Exercise
Repeat the data exactly, leaving out any image.
○ ○ ○ ○ ○ ○ ○
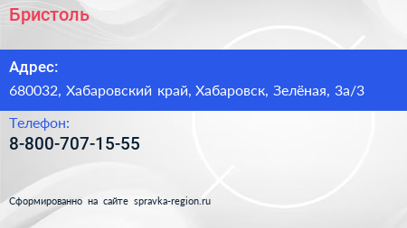 Бристоль по адресу 680032, Хабаровский край, Хабаровск, Зелёная, 3а/3 в дальнейшем Организация, размещена в следующих категориях:
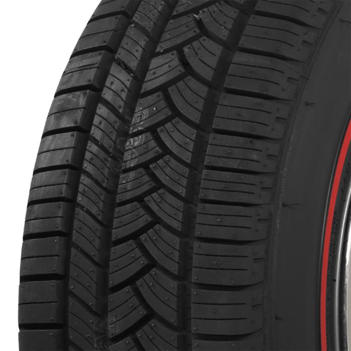 Our line of American Classic radial tires includes P-metric radials (such as 235/75R15) and our famous "bias look radial" (such as 670R15). We offer American Classic radial tires in wide whitewall, narrow whitewall, and black sidewall in select sizes, developed specifically for 1940's, 1950's and 1960's classic cars. These tires feature a classic tread design and a beautiful sidewall that's built into the tire from day one of production.
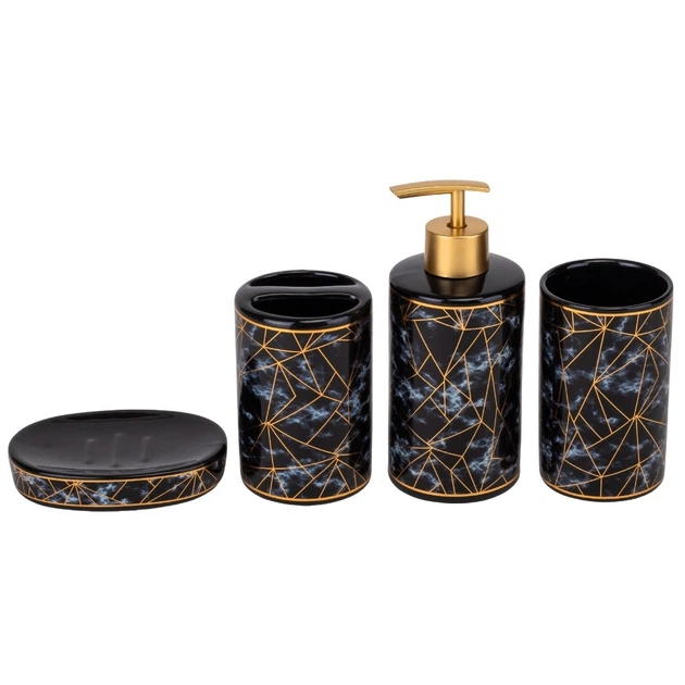 Набір для ванної кімнати 4 предмети 9190-015 кераміка чорний з візерунком
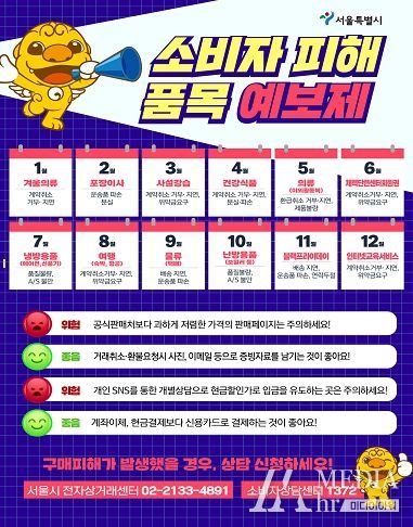 서울시는 소비자에게 특정 시기에 증가하는 피해품목과 유형을 미리 알려 피해를 예방하고자 올해부터 ‘소비자 피해 품목예보제’를 실시하고 있다. 시기별 예보 품목은 지난 4년간 한국소비자원에 접수된 피해상담 빅데이터 57만여 건을 분석해 정했다.
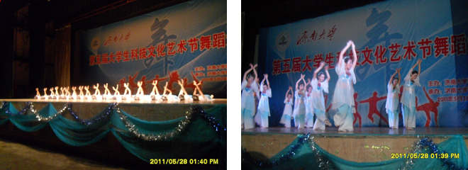 此次比赛中我院团队的选手是由09级、10级共十八名女生组成,她们利用课余时间精心准备,加上紧锣密鼓的排练,将舞蹈的每个动作都完美地展现了出来。舞蹈时长五分半钟,经过层层选拔在比赛中脱颖而出,舞蹈的曼妙柔美与古典音乐的清新自然巧妙结合,令全场的师生们沉浸在美的视觉盛宴中。比赛前,我院领导给予了舞蹈队多方面的支持,学院党委副书记兼副院长陈卫东老师等都时刻关注着比赛的进程,曾多次前往排练现场亲临指导。最终,在全院师生一致努力下我院喜获全校第二名的佳绩。
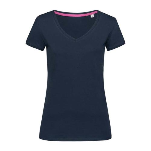 Modern T-shirt for women, with fashionable length and wide V-neck drop made of extra smooth combed ring-spun cotton.
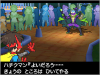 ホミカのパパと対決するのはハチクマン。『ポケットモンスターブラック・ホワイト』のジムリーダーだったハチクと関係があるのだろうか・・・。
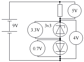 The Light Emitting Diode (LED) is made of a different material. Its forward voltage drop is 2v, & the maximum current is about 50 mA. It requires a series resistance to limit the current. The LED is generally used as an indicator, as it doesn't give off enough light to be used as a light source.
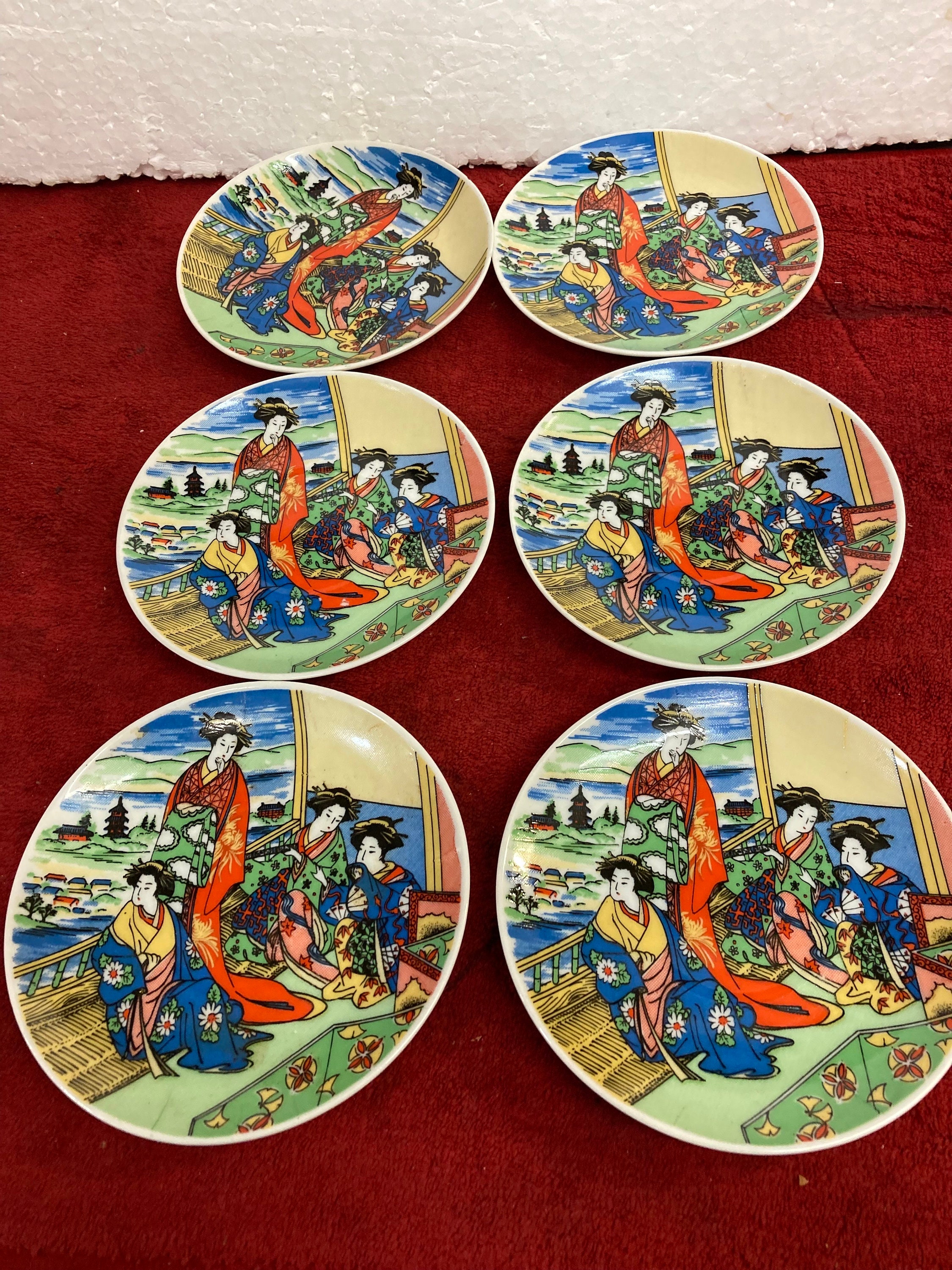 6 Vintage A.M.V. Japan Hand Painted Porcelain 4.5 " Collectible Plates
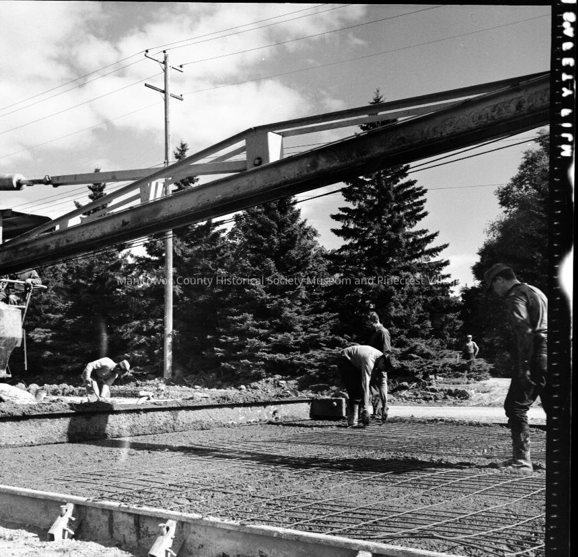 Memorial Drive; laying steel mesh before pouring cement for new road. Photograph taken in October 1962.
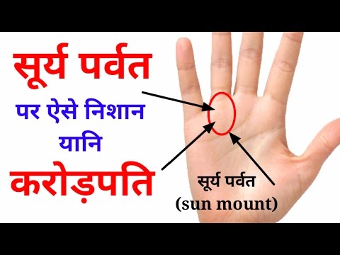 पंडित जी बताते है कि हस्तरेखा शास्त्र के अनुसार करोड़पति बनने का योग मुख्यत: सूर्य पर्वत, सूर्य रेखा और भाग्य रेखा से पता किया जा सकता है। हथेली के मध्यभाग में स्थित सूर्य रेखा जो मणिबंध से ऊपर रिंग फिंगर के नीचे वाले सूर्य पर्वत की ओर जाती है। उस रेखा से यह मालूम होता है कि व्यक्ति को मान-सम्मान और धन की कितनी प्राप्ति होगी। आपको बता दें कि ये रेखा हर किसी के हाथ में नहीं होती है। कुछ भाग्यशाली लोगों के हाथों में ही ये रेखा होती है। जिन लोगों की हथेली में बुध पर्वत और मस्तिष्क रेखा पर सफेद तिल होता है और भाग्यरेखा स्पष्ट, सीधी या पूरी तरह गायब हो तो वो जातक भी अवश्य करोड़पति बनता है।
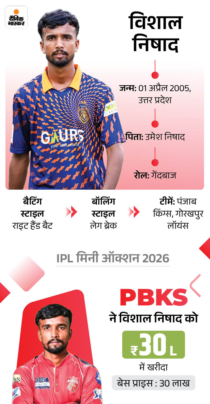 उत्तर प्रदेश के गोरखपुर से आने वाले 22 साल के स्पिनर विशाल निषाद को IPL ऑक्शन में पंजाब किंग्स ने 30 लाख रुपए में अपनी टीम में शामिल किया है। कभी पिता के साथ मजदूरी कर परिवार चलाने वाले विशाल की इस कामयाबी के पीछे उनके कोच कल्याण सिंह की अहम भूमिका रही।
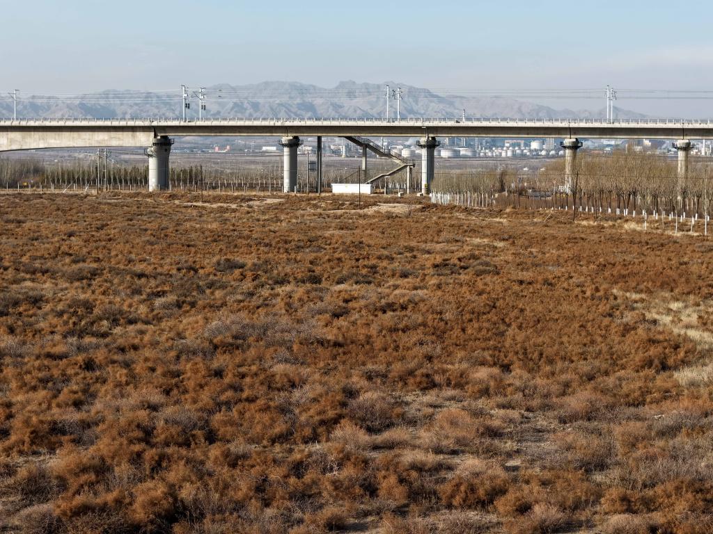 這是12月11日拍攝的包銀高鐵二道坎跨京藏高速特大橋,橋下是內(nèi)蒙古西鄂爾多斯國(guó)家級(jí)自然保護(hù)區(qū)烏海片區(qū)(無(wú)人機(jī)照片)。新華社記者 李志鵬 攝
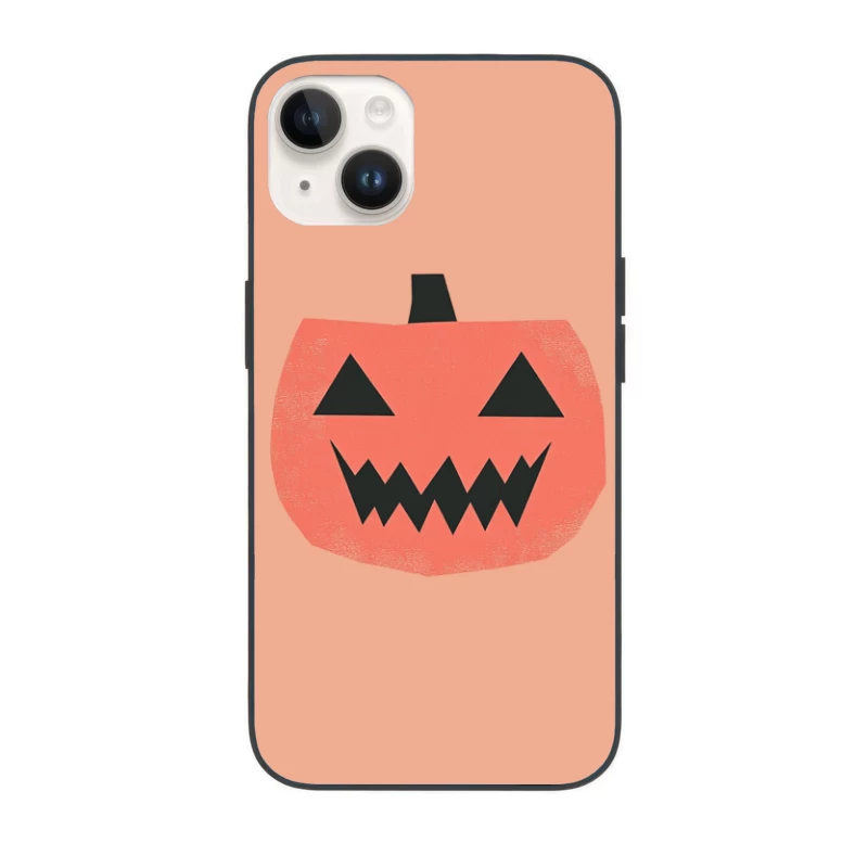 Adorable Black Cat Cartoon Illustration with Orange Ears iPhone Case
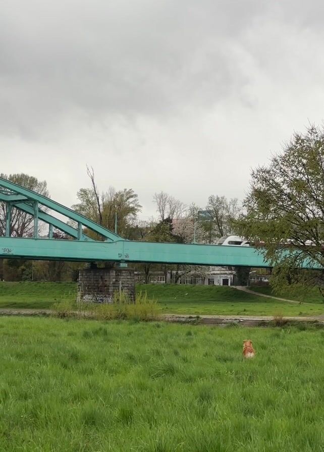 dog sitting in a grassy field in front of a green bridge. A train is moving across the bridge. The sky is cloudy. Some trees are on the left and right sides of the frame.
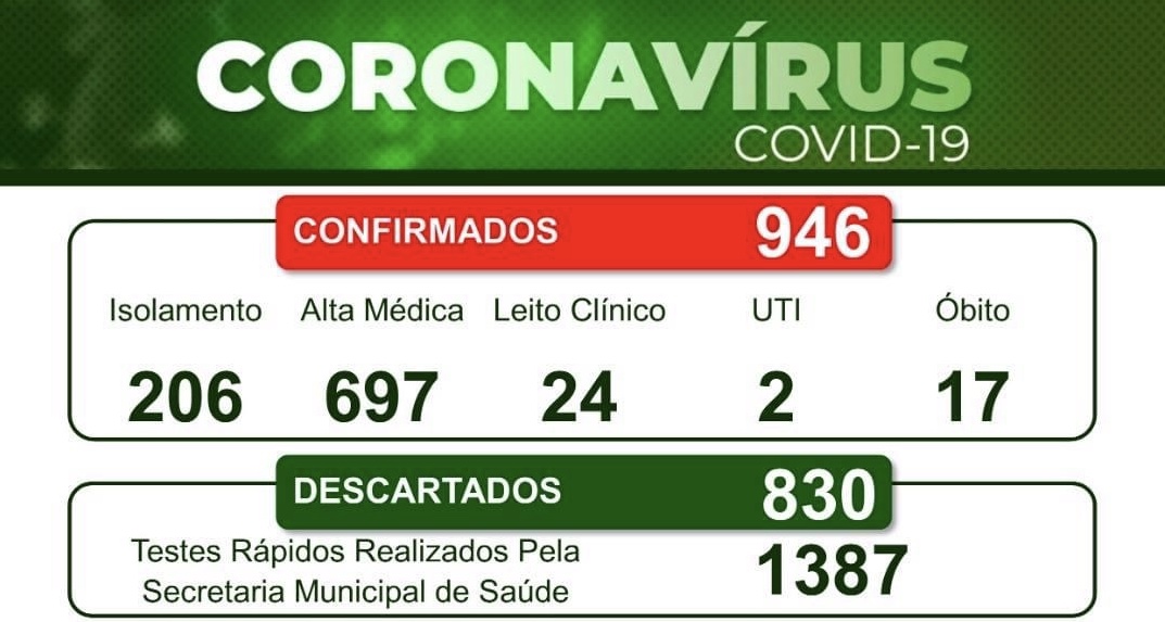 Por outro lado, os dados mostram que no mesmo período 40 pessoas foram consideradas recuperadas da doença. O acumulado de quem superou a doença é de 697 pessoas. O município tem ainda 26 pessoas internadas, sendo 24 em leitos clínicos e duas em leitos de UTI.
○ ○ ○ ○ ○ ○ ○
Expected answer
 Бристоль по адресу 680032, Хабаровский край, Хабаровск, Зелёная, 3а/3 в дальнейшем Организация, размещена в следующих категориях:
 Our line of American Classic radial tires includes P-metric radials (such as 235/75R15) and our famous "bias look radial" (such as 670R15). We offer American Classic radial tires in wide whitewall, narrow whitewall, and black sidewall in select sizes, developed specifically for 1940's, 1950's and 1960's classic cars. These tires feature a classic tread design and a beautiful sidewall that's built into the tire from day one of production.
 Набір для ванної кімнати 4 предмети 9190-015 кераміка чорний з візерунком
 서울시는 소비자에게 특정 시기에 증가하는 피해품목과 유형을 미리 알려 피해를 예방하고자 올해부터 ‘소비자 피해 품목예보제’를 실시하고 있다. 시기별 예보 품목은 지난 4년간 한국소비자원에 접수된 피해상담 빅데이터 57만여 건을 분석해 정했다.
 此次比赛中我院团队的选手是由09级、10级共十八名女生组成,她们利用课余时间精心准备,加上紧锣密鼓的排练,将舞蹈的每个动作都完美地展现了出来。舞蹈时长五分半钟,经过层层选拔在比赛中脱颖而出,舞蹈的曼妙柔美与古典音乐的清新自然巧妙结合,令全场的师生们沉浸在美的视觉盛宴中。比赛前,我院领导给予了舞蹈队多方面的支持,学院党委副书记兼副院长陈卫东老师等都时刻关注着比赛的进程,曾多次前往排练现场亲临指导。最终,在全院师生一致努力下我院喜获全校第二名的佳绩。
 Modern T-shirt for women, with fashionable length and wide V-neck drop made of extra smooth combed ring-spun cotton.
 ホミカのパパと対決するのはハチクマン。『ポケットモンスターブラック・ホワイト』のジムリーダーだったハチクと関係があるのだろうか・・・。
 The Light Emitting Diode (LED) is made of a different material. Its forward voltage drop is 2v, & the maximum current is about 50 mA. It requires a series resistance to limit the current. The LED is generally used as an indicator, as it doesn't give off enough light to be used as a light source.
 6 Vintage A.M.V. Japan Hand Painted Porcelain 4.5 " Collectible Plates
 Memorial Drive; laying steel mesh before pouring cement for new road. Photograph taken in October 1962.
 पंडित जी बताते है कि हस्तरेखा शास्त्र के अनुसार करोड़पति बनने का योग मुख्यत: सूर्य पर्वत, सूर्य रेखा और भाग्य रेखा से पता किया जा सकता है। हथेली के मध्यभाग में स्थित सूर्य रेखा जो मणिबंध से ऊपर रिंग फिंगर के नीचे वाले सूर्य पर्वत की ओर जाती है। उस रेखा से यह मालूम होता है कि व्यक्ति को मान-सम्मान और धन की कितनी प्राप्ति होगी। आपको बता दें कि ये रेखा हर किसी के हाथ में नहीं होती है। कुछ भाग्यशाली लोगों के हाथों में ही ये रेखा होती है। जिन लोगों की हथेली में बुध पर्वत और मस्तिष्क रेखा पर सफेद तिल होता है और भाग्यरेखा स्पष्ट, सीधी या पूरी तरह गायब हो तो वो जातक भी अवश्य करोड़पति बनता है।
 उत्तर प्रदेश के गोरखपुर से आने वाले 22 साल के स्पिनर विशाल निषाद को IPL ऑक्शन में पंजाब किंग्स ने 30 लाख रुपए में अपनी टीम में शामिल किया है। कभी पिता के साथ मजदूरी कर परिवार चलाने वाले विशाल की इस कामयाबी के पीछे उनके कोच कल्याण सिंह की अहम भूमिका रही।
 這是12月11日拍攝的包銀高鐵二道坎跨京藏高速特大橋,橋下是內(nèi)蒙古西鄂爾多斯國(guó)家級(jí)自然保護(hù)區(qū)烏海片區(qū)(無(wú)人機(jī)照片)。新華社記者 李志鵬 攝
 Adorable Black Cat Cartoon Illustration with Orange Ears iPhone Case
 dog sitting in a grassy field in front of a green bridge. A train is moving across the bridge. The sky is cloudy. Some trees are on the left and right sides of the frame.
 Por outro lado, os dados mostram que no mesmo período 40 pessoas foram consideradas recuperadas da doença. O acumulado de quem superou a doença é de 697 pessoas. O município tem ainda 26 pessoas internadas, sendo 24 em leitos clínicos e duas em leitos de UTI.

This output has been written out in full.